### [WORK TASK]
When you return the data, keep every word exact and include none of the images.

### [SUPPLIED DATA]
★ ★ ★
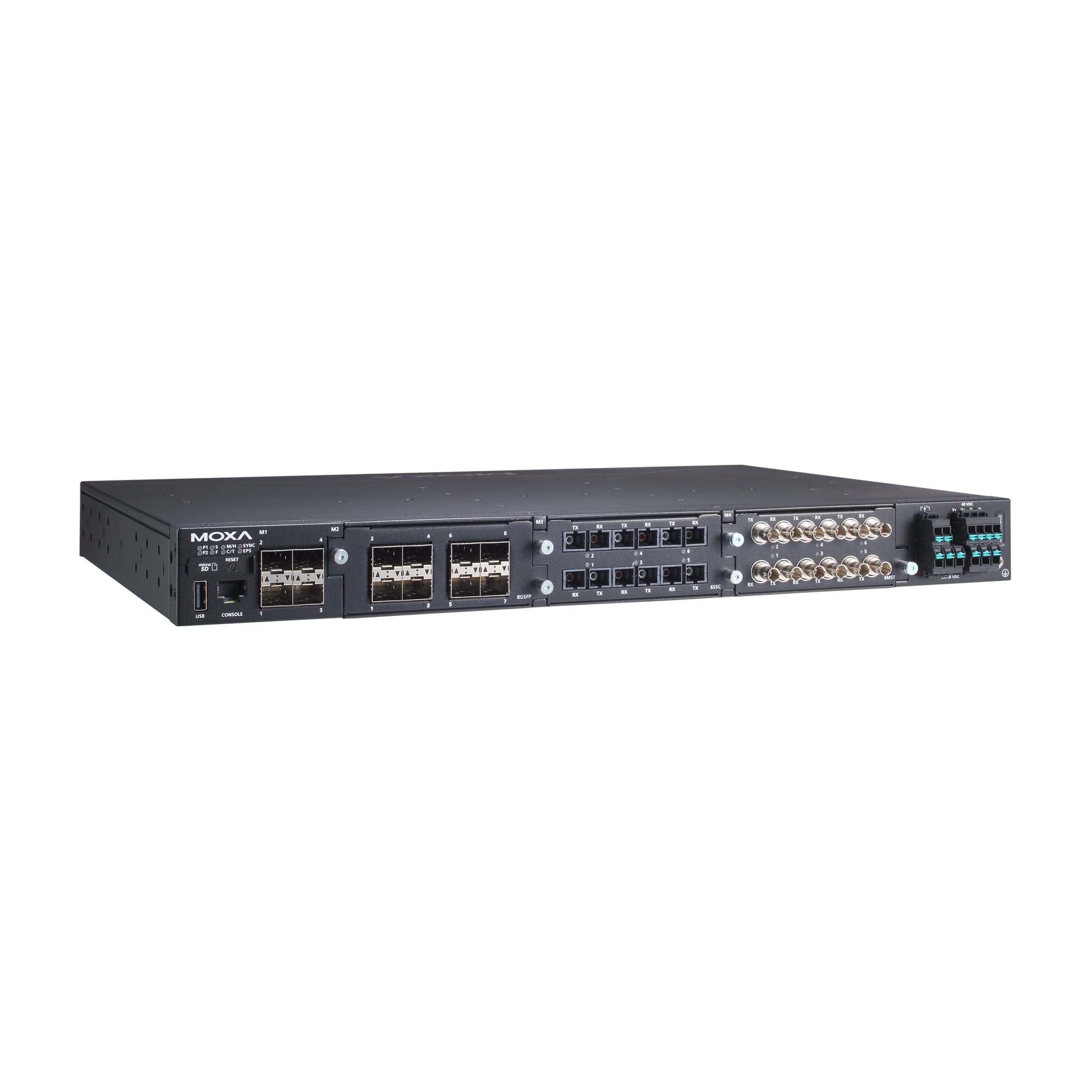 4 1GbE, 24 modular 1GbE-port (802.3bt PoE optional) Layer 2 modular managed Ethernet switches
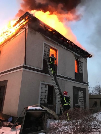 На місці рятувальники встановили, що загоряння сталося на другому поверсі недобудованого будинку з розповсюдженням на дах.
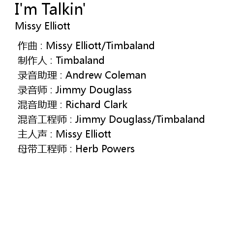 | [00:00.000] | 作曲 : Missy Elliott/Timbaland |
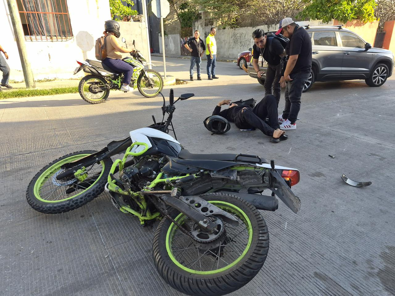 Un joven motociclista resultó lesionado con fractura en la clavícula luego de verse involucrado en un accidente de tránsito registrado en las inmediaciones de la colonia Justo Sierra, lo que generó la movilización de cuerpos de emergencia y autoridades viales.
★ ★ ★
### [ANSWER AREA]
 4 1GbE, 24 modular 1GbE-port (802.3bt PoE optional) Layer 2 modular managed Ethernet switches
 На місці рятувальники встановили, що загоряння сталося на другому поверсі недобудованого будинку з розповсюдженням на дах.
 | [00:00.000] | 作曲 : Missy Elliott/Timbaland |
 Un joven motociclista resultó lesionado con fractura en la clavícula luego de verse involucrado en un accidente de tránsito registrado en las inmediaciones de la colonia Justo Sierra, lo que generó la movilización de cuerpos de emergencia y autoridades viales.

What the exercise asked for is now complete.